The $\pi$ estimator for the *mean* of a finite population\index{Population!finite population}\index{Population mean}, $\bar{z}$, is simply the $\pi$ estimator for the total, divided by the total number of units in the population, $N$:
\begin{equation}
\hat{\bar{z}}_{\pi}=\frac{1}{N} \sum_{k \in \mathcal{S}} \frac{1}{\pi_k}z_k \;.
(\#eq:HTMean)
\end{equation}
For infinite populations discretised by a finite set of points, the same estimator can be used.
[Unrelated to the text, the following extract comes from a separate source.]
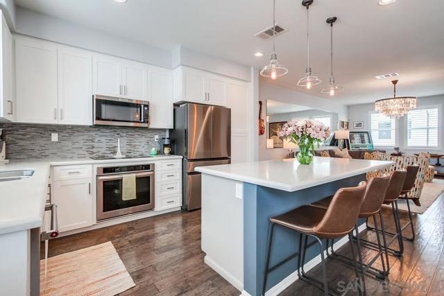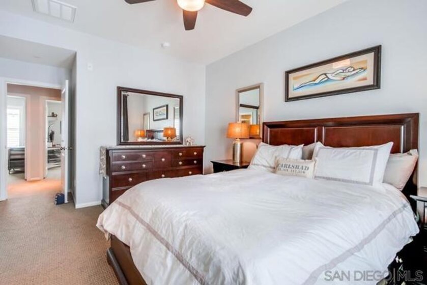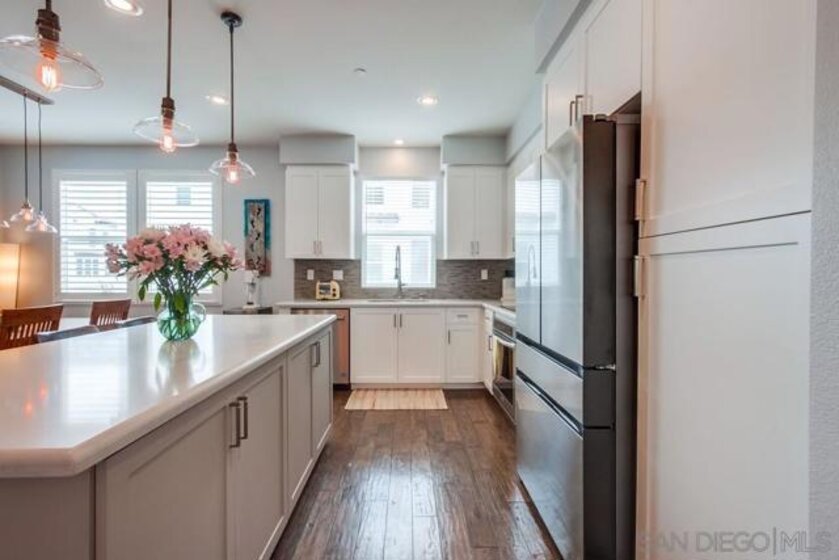 Welcome to your dream home in the exclusive La Costa Collection of South Carlsbad! This stunning townhome offers the perfect blend of modern luxury & practical living. Step inside to discover the versatility of the first floor, featuring an optional bedroom, ideal for a home office or personal gym space. On the second floor, embrace the open floor plan designed for modern living. The spacious chef’s kitchen is a culinary delight, showcasing a large island with quartz countertops, ample cabinet space with convenient pull-out shelving, & state-of-the-art stainless steel appliances. The adjacent dining area & living room, complemented by a half bath, create an inviting atmosphere for entertaining guests. Ascend to the third floor, where all three bedrooms are thoughtfully positioned, including the luxurious primary suite. Enjoy the privacy of your en-suite bathroom, the convenience of a walk-in closet, & the serenity of a private balcony. The home also features PAID SOLAR, designer lighting, shutters, custom closet organizers in all bedrooms, central heating & A/C, in-unit laundry, & paid-off solar. The attached 2-car garage offers custom SafeRack overhead storage. Outside, the front porch patio offers a perfect setting for relaxing or enjoying BBQs with family & friends. The resort-style community features a pool, BBQ area, & lush green spaces. Located within walking distance to Plaza Paseo Real’s dining & entertainment, Carlsbad library, shopping, & top-rated schools. Additionally, you’ll be just minutes from beautiful beaches, golf courses, parks, & hiking. Welcome to your dream home in the exclusive La Costa Collection of South Carlsbad! This stunning three-story, solar powered townhome offers the perfect blend of modern luxury & practical living. Step inside to discover the versatility of the first floor, featuring an optional bedroom, ideal for a home office or personal gym space. On the second floor, embrace the open floor plan designed for modern living. The spacious chef’s kitchen is a culinary delight, showcasing a large island with quartz countertops, ample cabinet space with convenient pull-out shelving, & state-of-the-art stainless steel appliances. The adjacent dining area & living room, complemented by a half bath, create an inviting atmosphere for entertaining guests. Ascend to the third floor, where all three bedrooms are thoughtfully positioned, including the luxurious primary suite. Enjoy the privacy of your en-suite bathroom, the convenience of a walk-in closet, & the serenity of a private balcony. The home also features designer lighting, shutters, custom closet organizers in all bedrooms, central heating & A/C, in-unit laundry, & paid-off solar. The attached 2-car garage offers custom SafeRack overhead storage. Outside, the front porch patio offers a perfect setting for relaxing or enjoying BBQs with family & friends. The resort-style community features a pool, BBQ area, & lush green spaces. Located within walking distance to Plaza Paseo Real’s dining & entertainment, Carlsbad library, shopping, & top-rated schools. Additionally, you’ll be just minutes from beautiful beaches, golf courses, parks, & hiking.

For infinite populations, the population total can be estimated by multiplying the estimated population mean by the area of the population $A$:
\begin{equation}
\hat{t}_{\pi}(z)=A \hat{\bar{z}}_{\pi} \;.
(\#eq:HTTotalinfinite)
\end{equation}
The $\pi$ estimator can be worked out for the different types of sampling design listed above by inserting the inclusion probabilities as determined by the sampling design. For simple random sampling, this leads to the unweighted sample mean (see Chapter \@ref(SI)), and for stratified simple random sampling the $\pi$ estimator is equal to the weighted sum of the sample means per stratum, with weights equal to the relative size of the strata (see Chapter \@ref(STSI)).
## Hansen-Hurwitz estimator
In sampling finite populations, units can be selected with or without replacement. In sampling with replacement after each draw the selected unit is replaced. As a consequence, a unit can be selected more than once. Sampling with replacement is less efficient than sampling without replacement. If a population unit is selected in a given draw, there is no additional information in this unit if it is selected again. One reason that sampling with replacement\index{Sampling with replacement} is still used is that it is easier to implement.
The most common estimator used for sampling with replacement is the Hansen-Hurwitz estimator\index{Hansen-Hurwitz estimator|see {pwr estimator}}, referred to as the $p$-expanded with replacement (pwr) estimator\index{pwr estimator} by @sar92. With direct unit sampling, i.e., sampling of individual population units, the pwr estimator is
\begin{equation}
\hat{t}_{\text{pwr}}(z)=\frac{1}{n}\sum_{k \in \mathcal{S} } \frac{z_k}{p_k} \;,
(\#eq:pwrTotal)
\end{equation}
with $p_k$ the *draw-by-draw selection probability* of population unit $k$. For instance, in simple random sampling with replacement the draw-by-draw selection probability $p$ of each unit is $1/N$. If we select only one unit $k$, the population total can be estimated by the observation of that unit divided by $p$, $\hat{t}(z) = z_k/p_k = N z_k$. If we repeat this $n$ times, this results in $n$ estimated population totals. The pwr estimator is the average of these $n$ elementary estimates. If a unit occurs multiple times in the sample $\mathcal{S}$, this unit provides multiple elementary estimates of the population total.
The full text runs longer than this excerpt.